- What is expected
Output exactly the lines from the first line of the records below through the line containing "With popular sentiment", both included, leaving out any pictures.

___ Provided entries

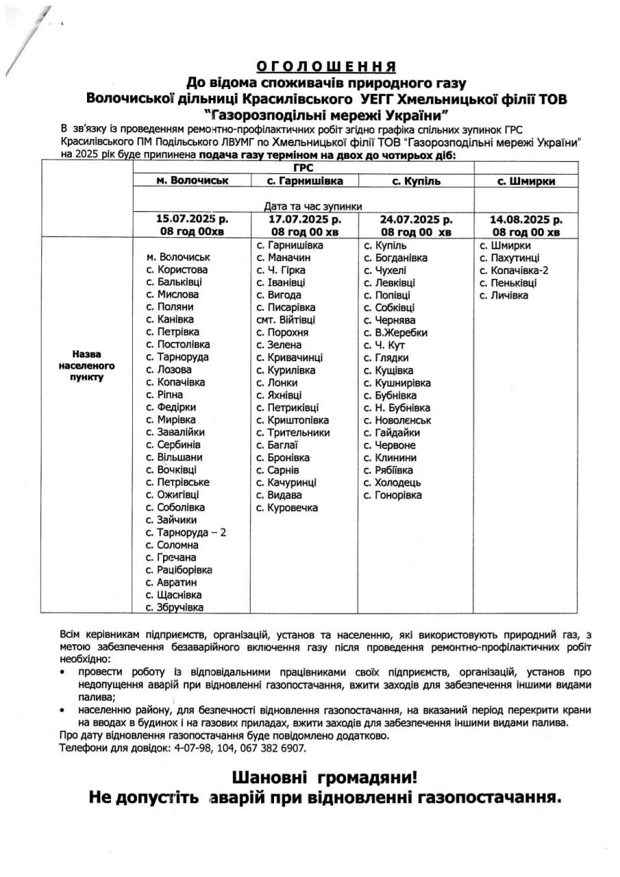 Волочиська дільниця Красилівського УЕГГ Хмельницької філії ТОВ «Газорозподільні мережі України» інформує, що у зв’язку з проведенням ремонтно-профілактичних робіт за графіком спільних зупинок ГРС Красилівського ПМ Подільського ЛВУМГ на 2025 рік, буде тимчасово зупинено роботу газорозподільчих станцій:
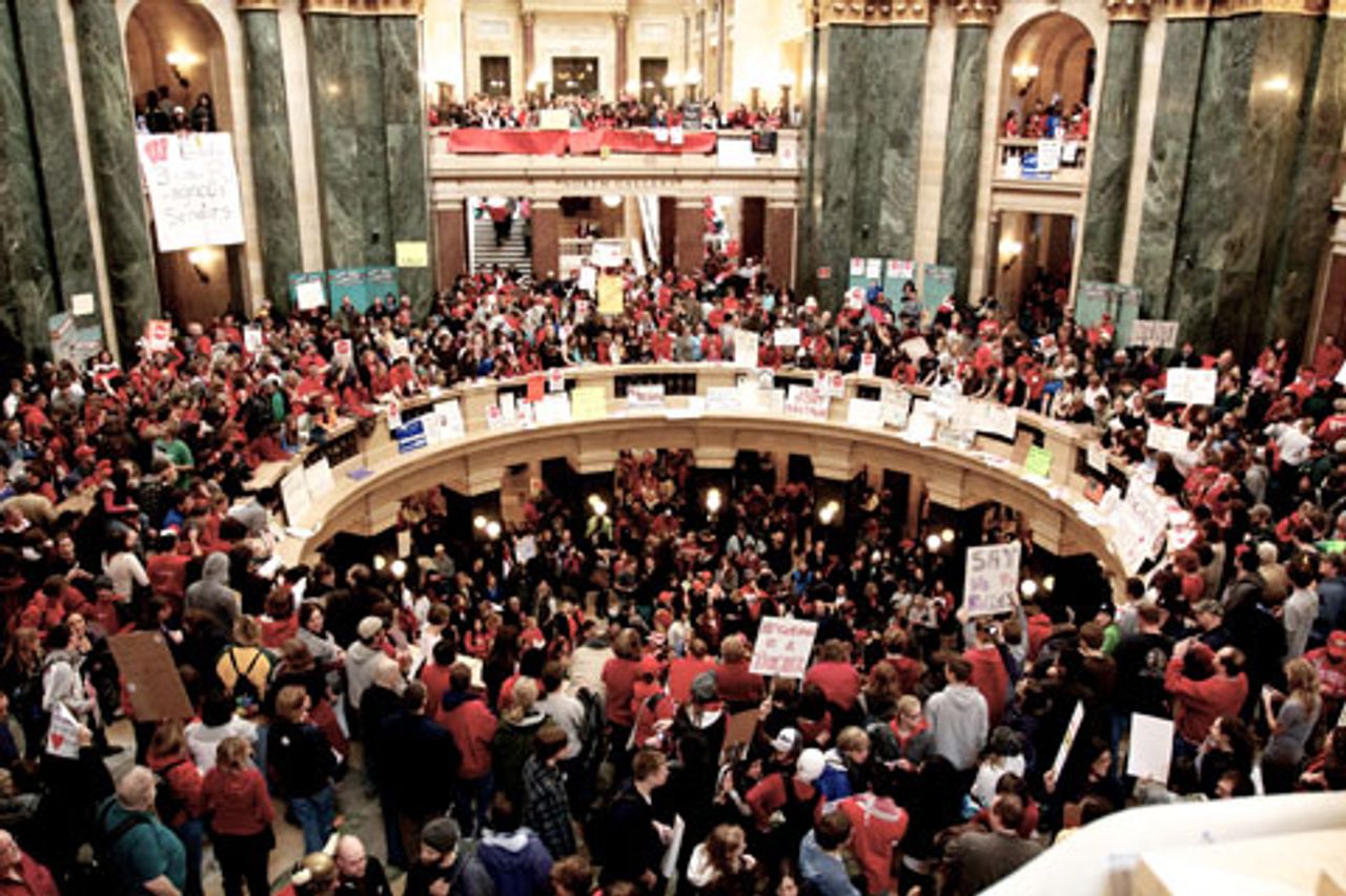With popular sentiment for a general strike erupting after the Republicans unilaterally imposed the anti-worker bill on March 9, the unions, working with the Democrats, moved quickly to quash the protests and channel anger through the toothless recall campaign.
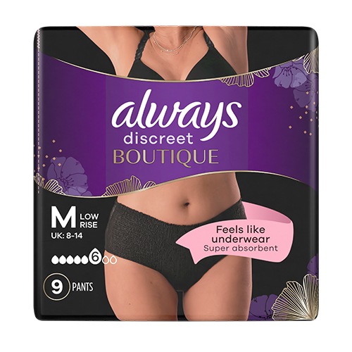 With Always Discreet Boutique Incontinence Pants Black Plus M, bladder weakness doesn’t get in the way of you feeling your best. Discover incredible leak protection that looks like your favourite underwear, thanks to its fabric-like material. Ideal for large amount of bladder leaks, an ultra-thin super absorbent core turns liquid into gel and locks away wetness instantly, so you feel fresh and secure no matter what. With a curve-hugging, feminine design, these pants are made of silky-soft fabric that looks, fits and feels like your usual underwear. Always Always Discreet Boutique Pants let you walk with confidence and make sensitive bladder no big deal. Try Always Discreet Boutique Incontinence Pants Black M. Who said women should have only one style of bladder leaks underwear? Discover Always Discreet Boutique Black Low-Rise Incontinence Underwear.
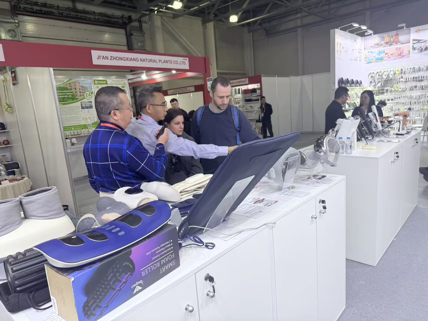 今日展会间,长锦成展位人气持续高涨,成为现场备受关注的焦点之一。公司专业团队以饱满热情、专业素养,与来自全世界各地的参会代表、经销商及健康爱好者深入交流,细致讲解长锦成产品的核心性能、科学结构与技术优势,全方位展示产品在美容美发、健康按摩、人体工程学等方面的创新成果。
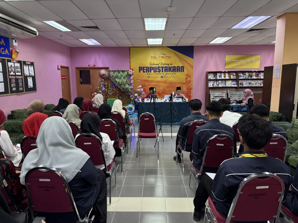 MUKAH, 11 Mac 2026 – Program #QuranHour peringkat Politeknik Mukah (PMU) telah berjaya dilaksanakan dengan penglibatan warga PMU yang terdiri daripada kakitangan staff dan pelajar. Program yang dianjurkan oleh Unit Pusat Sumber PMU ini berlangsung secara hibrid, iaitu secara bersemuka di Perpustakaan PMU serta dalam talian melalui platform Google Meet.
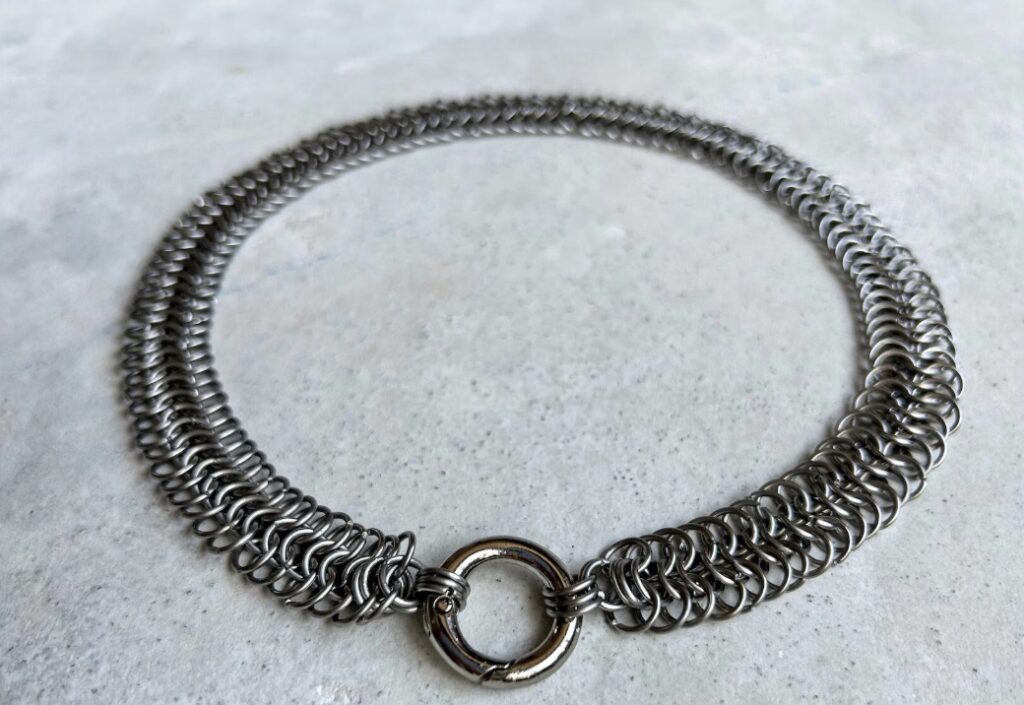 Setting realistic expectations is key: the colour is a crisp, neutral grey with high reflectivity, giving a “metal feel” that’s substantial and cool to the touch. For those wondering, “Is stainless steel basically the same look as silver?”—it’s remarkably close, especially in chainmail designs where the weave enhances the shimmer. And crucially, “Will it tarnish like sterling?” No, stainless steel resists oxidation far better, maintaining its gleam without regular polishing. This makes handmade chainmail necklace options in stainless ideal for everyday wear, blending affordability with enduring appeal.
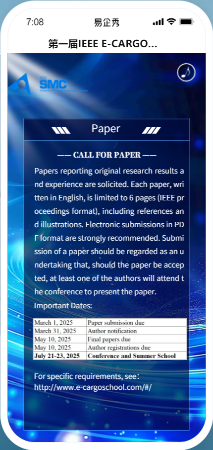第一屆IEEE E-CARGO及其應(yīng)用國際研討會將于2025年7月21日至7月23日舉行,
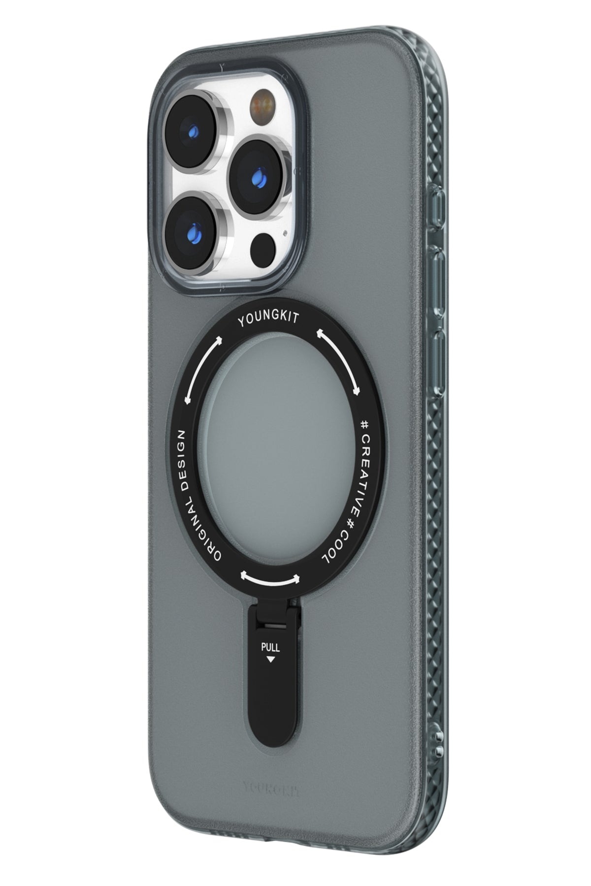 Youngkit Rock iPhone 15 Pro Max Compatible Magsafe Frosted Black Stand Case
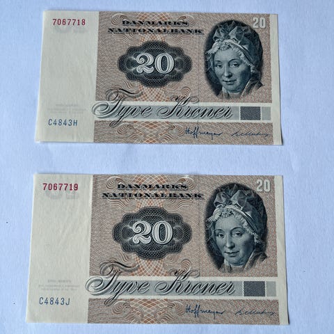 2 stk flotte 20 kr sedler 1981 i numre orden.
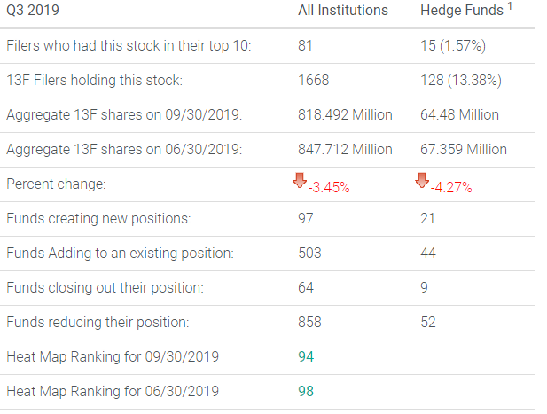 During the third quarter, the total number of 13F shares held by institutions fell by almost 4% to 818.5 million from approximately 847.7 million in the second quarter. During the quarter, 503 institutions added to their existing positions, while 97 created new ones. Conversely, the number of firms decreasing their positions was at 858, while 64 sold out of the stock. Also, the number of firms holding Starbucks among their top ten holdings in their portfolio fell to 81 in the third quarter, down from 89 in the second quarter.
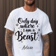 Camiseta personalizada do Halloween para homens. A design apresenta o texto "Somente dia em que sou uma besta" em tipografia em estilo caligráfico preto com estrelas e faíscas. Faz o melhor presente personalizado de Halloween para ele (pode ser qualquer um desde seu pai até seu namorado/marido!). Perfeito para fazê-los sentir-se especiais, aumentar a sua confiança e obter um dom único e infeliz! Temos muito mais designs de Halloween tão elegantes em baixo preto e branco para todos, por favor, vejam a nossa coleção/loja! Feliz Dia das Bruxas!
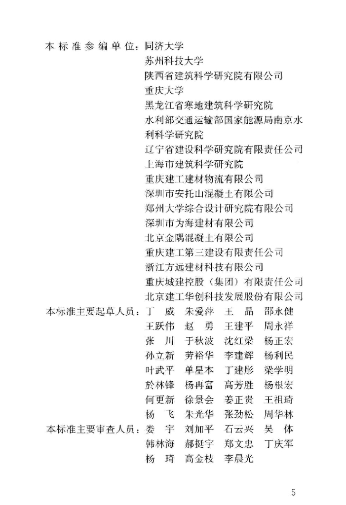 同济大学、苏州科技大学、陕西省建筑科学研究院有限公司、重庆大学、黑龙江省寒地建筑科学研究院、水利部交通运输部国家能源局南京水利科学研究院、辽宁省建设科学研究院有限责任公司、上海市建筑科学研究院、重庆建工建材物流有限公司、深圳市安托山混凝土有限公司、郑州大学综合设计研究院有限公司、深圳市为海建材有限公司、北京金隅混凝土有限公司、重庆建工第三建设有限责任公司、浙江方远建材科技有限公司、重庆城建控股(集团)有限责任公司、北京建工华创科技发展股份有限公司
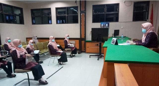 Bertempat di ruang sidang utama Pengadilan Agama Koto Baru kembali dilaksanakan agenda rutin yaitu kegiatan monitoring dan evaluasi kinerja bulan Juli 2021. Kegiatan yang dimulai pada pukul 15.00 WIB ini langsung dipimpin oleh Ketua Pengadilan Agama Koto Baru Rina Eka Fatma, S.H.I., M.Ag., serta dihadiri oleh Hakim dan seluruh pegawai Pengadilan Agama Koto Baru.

______

- Task result
 Волочиська дільниця Красилівського УЕГГ Хмельницької філії ТОВ «Газорозподільні мережі України» інформує, що у зв’язку з проведенням ремонтно-профілактичних робіт за графіком спільних зупинок ГРС Красилівського ПМ Подільського ЛВУМГ на 2025 рік, буде тимчасово зупинено роботу газорозподільчих станцій:
With popular sentiment for a general strike erupting after the Republicans unilaterally imposed the anti-worker bill on March 9, the unions, working with the Democrats, moved quickly to quash the protests and channel anger through the toothless recall campaign.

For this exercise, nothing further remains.